By Karen Schwartz
NEW YORK, November 4(Reuters) - U.S. investment grade volume could get a healthy boost before year-end with nearly US$60bn of acquisition loans announced in the last two weeks in advance of the looming Nov 8 U.S. presidential election, according to Thomson Reuters LPC data.
Telecom company AT&T's US$40bn loan backing its US$85.4bn acquisition of media company Time Warner has been joined by a US$13.6bn loan that finances smartphone chipmaker Qualcomm (NASDAQ:QCOM)'s US$38bn acquisition of NXP Semiconductor, and aircraft electronics supplier Rockwell Collins (NYSE:COL) is borrowing US$6bn to finance its purchase of B/E Aerospace.
This US$59.6bn flurry of M&A lending is expected to lift US investment-grade M&A loan volume, which at US$100bn was 26% lower at the end of the third quarter than the same period last year and is far off the full-year total of US$181bn in 2015, the data shows.
The acquisitions were announced in late October during a surge of optimism about Democratic candidate Hillary Clinton's prospects. Wall Street is favoring a Democratic victory as Clinton's views towards the financial industry have been perceived as more consistent to date.
"The markets have been favoring a victory for Hillary Clinton because there's less uncertainty if she wins.
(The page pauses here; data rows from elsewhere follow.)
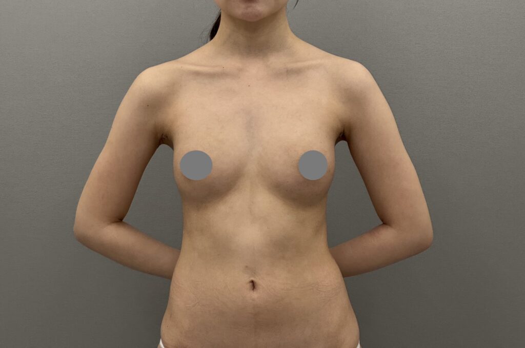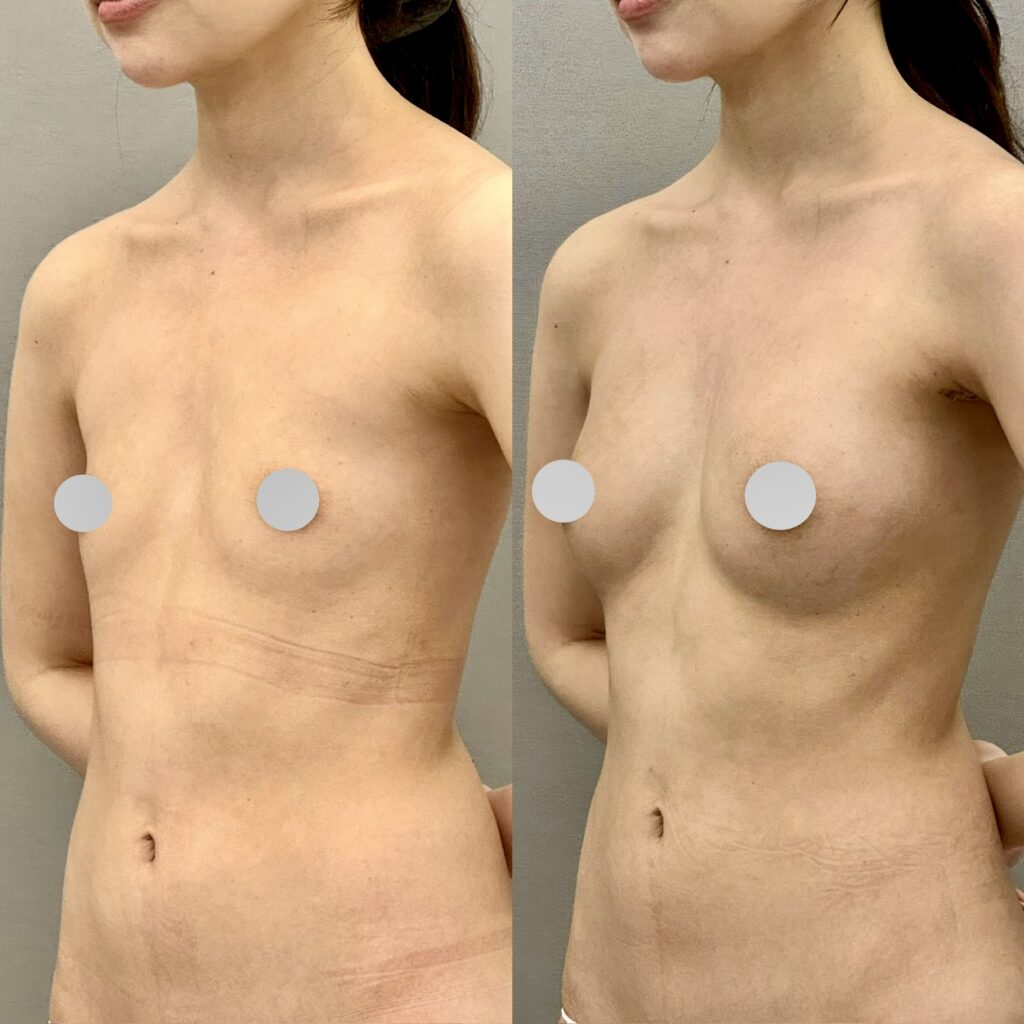 脂肪豊胸の症例です。二の腕と太ももそ外ハリが気になるということで二の腕、肩、太もも外の3部位から採取を行い脂肪F豊胸を行いました。左右3000ccずつ注入できました。出産経験はなしですが皮膚の伸びがよかったこともありしっかりと注入できました。脂肪豊胸なら二の腕などの脂肪が比較的少ない部位からでも豊胸が可能になります。術後1ヶ月経過ですが定着もとても良さそうです。仕上がりが楽しみですね。
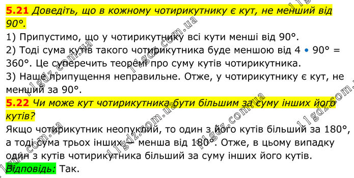 5.21 Доведіть, що в кожному чотирикутнику є кут, не менший від 90°. 1) Припустимо, що у чотирикутнику всі кути менші від 90°. 2) Тоді сума кутів такого чотирикутника буде меншою від 4 • 90° = 360°. Це суперечить теоремі про суму кутів чотирикутника. 3) Наше припущення неправильне. Отже, у чотирикутнику є кут, не менший за 90°. 5.22 Чи може кут чотирикутника бути більшим за суму інших його кутів? Якщо чотирикутник неопуклий, то один з його кутів більший за 180°, а тоді сума трьох інших — менша від 180°. Отже, в цьому випадку один з кутів чотирикутника більший за суму інших його кутів. Відповідь: Так.
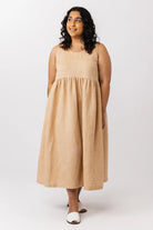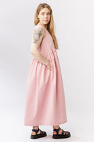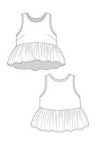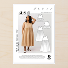 Taimi is a fashionably simple sewing pattern that includes a top and a dress variation. Both variations feature a voluminous, gathered hem, and a round neckline and armholes that are finished with binding. The top is hip-length, and slightly longer in the back. The dress waist seam is curved, its hemline comes down to the ankle, and it has handy in-seam side pockets.
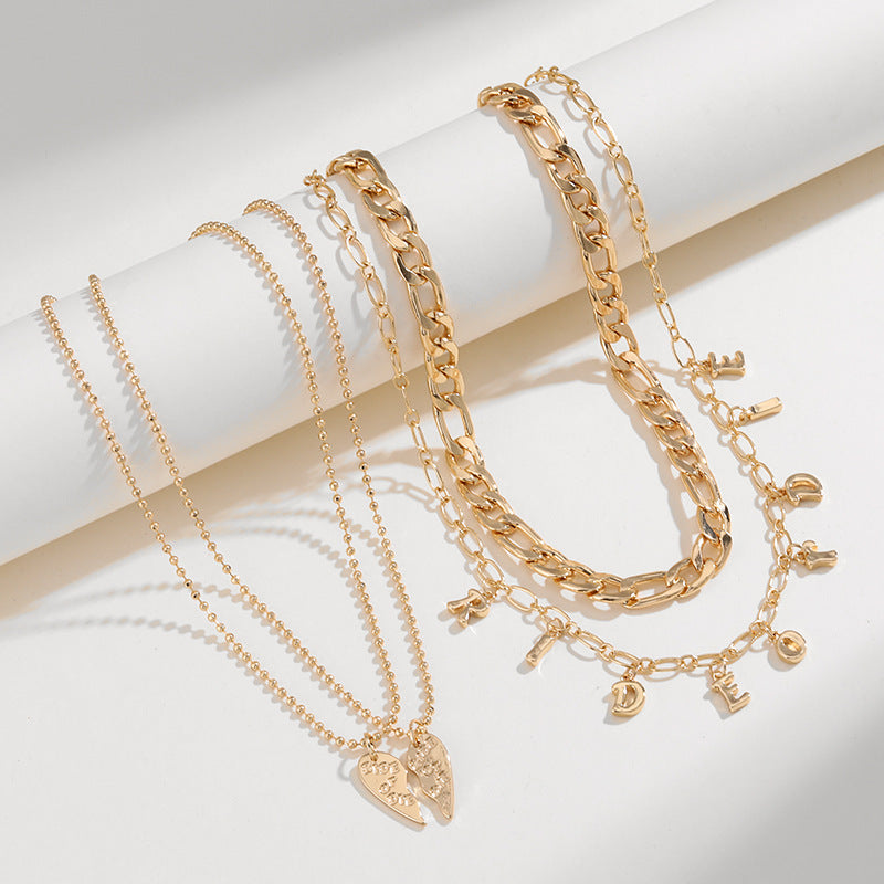 Wholesale 10PCS Valentine's Day Double Layer Love Letter Necklace
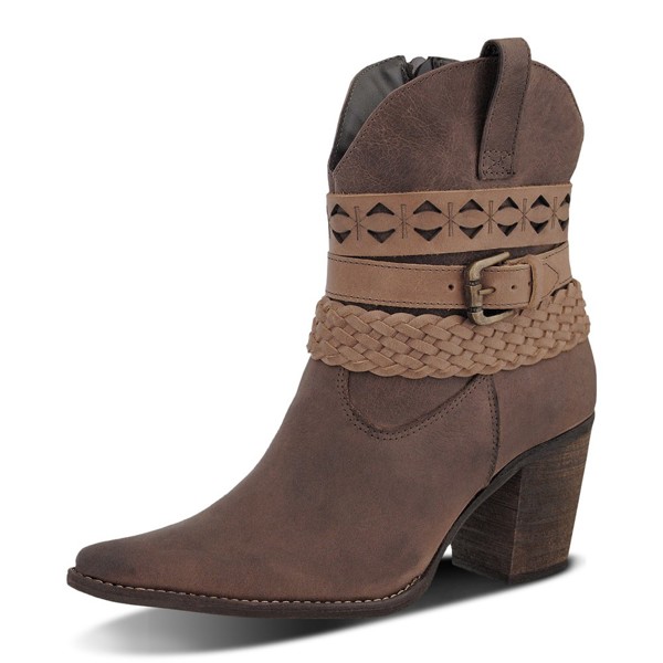 LINHA BOTAS FEMININASBota Texana Feminina Cano Médio Estilo Country confeccionada em Couro de origem Bovina (Fóssil) com acabamento natural. Indicado para mulheres exigentes e de personalidade. Monte seu look com estilo e qualidade em um só produto. Confeccionada em couro de origem bovina (Fóssil). Garanta já o seu par de Botas estilo Country em Couro. Descrição Técnica Tamanhos: 33 ao 40 Cabedal (parte externa): Couro de Origem Bovina (Fóssil)Detalhe: Tiras de Couro com Fivela de Metal na Lateral do CanoForro: Cacharrel (Tecido dublado em Espuma)Palmilha: Em Material GEL com Sistema Anti-ImpáctoSolado: Top Rubber (Borracha de Alta Resistência e Durabilidade) Fechamento: Zíper / Ajuste Com Tiras de Couro e Fivela de MetalAltura do cano: 19,7cm aproximadamente Altura do salto: 07cm aproximadamente Tamanhos: 33 ao 40 Nº 33 - Palmilha 24,6cm / Circunferência (Boca) 31cmNº 34 - Palmilha 25,0cm / Circunferência (Boca) 31cmNº 35 - Palmilha 26,0cm / Circunferência (Boca) 32cmNº 36 - Palmilha 26,5cm / Circunferência (Boca) 32cmNº 37 - Palmilha 27,2cm / Circunferência (Boca) 33cmNº 38 - Palmilha 27,7cm / Circunferência (Boca) 33cmNº 39 - Palmilha 28,4cm / Circunferência (Boca) 34cmNº 40 - Palmilha 28,9cm / Circunferência (Boca) 34cm 100% Feito-à-mão / Autêntico Couro de origem Bovina / 100% Couro (Cabedal).Garantia: Os Calçados da nossa loja possuem garantia contra defeitos de fabricação.

With Hillary you could say it's just more of the same, and nothing's really going to change," said Sam Stovall, chief investment strategist at CFRA, an independent equity and fund research firm.
The race narrowed after the FBI said that it was looking further into Clinton's emails on October 28, but deals are still being announced despite considerable uncertainty about how markets will react if Republican candidate Donald Trump emerges victorious as companies start to look past the election.
Power producer NextEra Energy Inc (NYSE:NEE) said on Monday it would buy the remaining stake in Oncor Electric Delivery Co for about US$2.4bn in cash, and General Electric (NYSE:GE) Co said it would merge its oil and gas business with Baker Hughes Inc.
U.S. oil refiner HollyFrontier Corp also announced on Monday that it would buy Suncor Energy Inc's Petro-Canada lubricants unit for C$1.13bn (US$844m), while chipmaker Broadcom (NASDAQ:AVGO) said on Wednesday it would buy network gear maker Brocade Communications Systems for US$5.5bn.
"The devil you know is better than the devil you don't in terms of the interest rate environment, the deal-making environment, the deal you've negotiated versus putting it off and having some unpredicted catalyst such as the outcome of election adversely impact all of those environments and potentially slow down your ability in another month or two from consummating what would otherwise be a good deal," said Shannon Zollo, a corporate partner with Morse, Barnes-Brown & Pendleton, P.C.
Some loan bankers and analysts are discounting the U.S. election result as a factor governing the flow of new deals to the market, saying that the investment-grade loan market and capital markets are open and eager for M&A loans.
"There are a host of other factors that companies consider when they are negotiating a merger and there will continue to be political and regulatory risks for the approval of some of the deals regardless of the outcome of the election," said Brian Gardner, a managing director at KBW, a boutique investment bank.
MORE M&A
Acquisition loans have been in short supply this year as many companies opted to tap the bond market directly, which helped depress M&A loan volume. This situation reversed in late October with AT&T's announcement of a jumbo US$40bn loan, which consists of a US$30bn bridge loan and US$10bn of term loans.
Rockwell Collins followed AT&T (NYSE:T) on October 23 with US$4.5bn of bridge loans and a US$1.5bn term loan and Qualcomm's purchase of Netherlands-based semiconductor company NXP Semiconductors on October 27 is backed by a US$9.6bn bridge loan and a US$4bn, three-year term loan that is currently in syndication.
This total of US$44.1bn of bridge loans and US$15.5bn of term loans is likely to be boosted further by the string of deals announced this week. NextEra Energy Inc and HollyFrontier Corp have already said that their acquisitions will include debt.
With earnings season well underway and companies emerging from blackout periods, more announcements could be coming in the next few weeks to beat the year-end deadline. Current M&A deals are expected to spark new tie-ups among industry peers eager not to be left behind, bankers said.
"M&A seems to beget M&A," a second banker said.